Listed records
= = = =

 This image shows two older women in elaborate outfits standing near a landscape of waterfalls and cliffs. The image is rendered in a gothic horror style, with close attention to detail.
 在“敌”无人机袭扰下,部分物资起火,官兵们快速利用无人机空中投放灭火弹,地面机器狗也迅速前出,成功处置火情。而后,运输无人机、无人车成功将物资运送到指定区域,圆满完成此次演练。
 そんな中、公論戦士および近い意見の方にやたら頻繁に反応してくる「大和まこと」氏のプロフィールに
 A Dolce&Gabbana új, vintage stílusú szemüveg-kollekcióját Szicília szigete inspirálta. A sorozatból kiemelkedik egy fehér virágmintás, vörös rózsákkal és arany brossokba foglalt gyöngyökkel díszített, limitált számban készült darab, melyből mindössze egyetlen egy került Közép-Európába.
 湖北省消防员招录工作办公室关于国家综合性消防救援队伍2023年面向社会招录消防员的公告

= = = =

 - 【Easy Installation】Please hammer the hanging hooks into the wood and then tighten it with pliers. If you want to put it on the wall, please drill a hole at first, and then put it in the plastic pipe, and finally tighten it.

= = = =

With the line holding "A Dolce&Gabbana új, vintage" as the first and the line holding "湖北省消防员招录工作办公室关" as the last, please transcribe exactly the lines of the material above in that range and nothing else.

Exercise solution
 A Dolce&Gabbana új, vintage stílusú szemüveg-kollekcióját Szicília szigete inspirálta. A sorozatból kiemelkedik egy fehér virágmintás, vörös rózsákkal és arany brossokba foglalt gyöngyökkel díszített, limitált számban készült darab, melyből mindössze egyetlen egy került Közép-Európába.
 湖北省消防员招录工作办公室关于国家综合性消防救援队伍2023年面向社会招录消防员的公告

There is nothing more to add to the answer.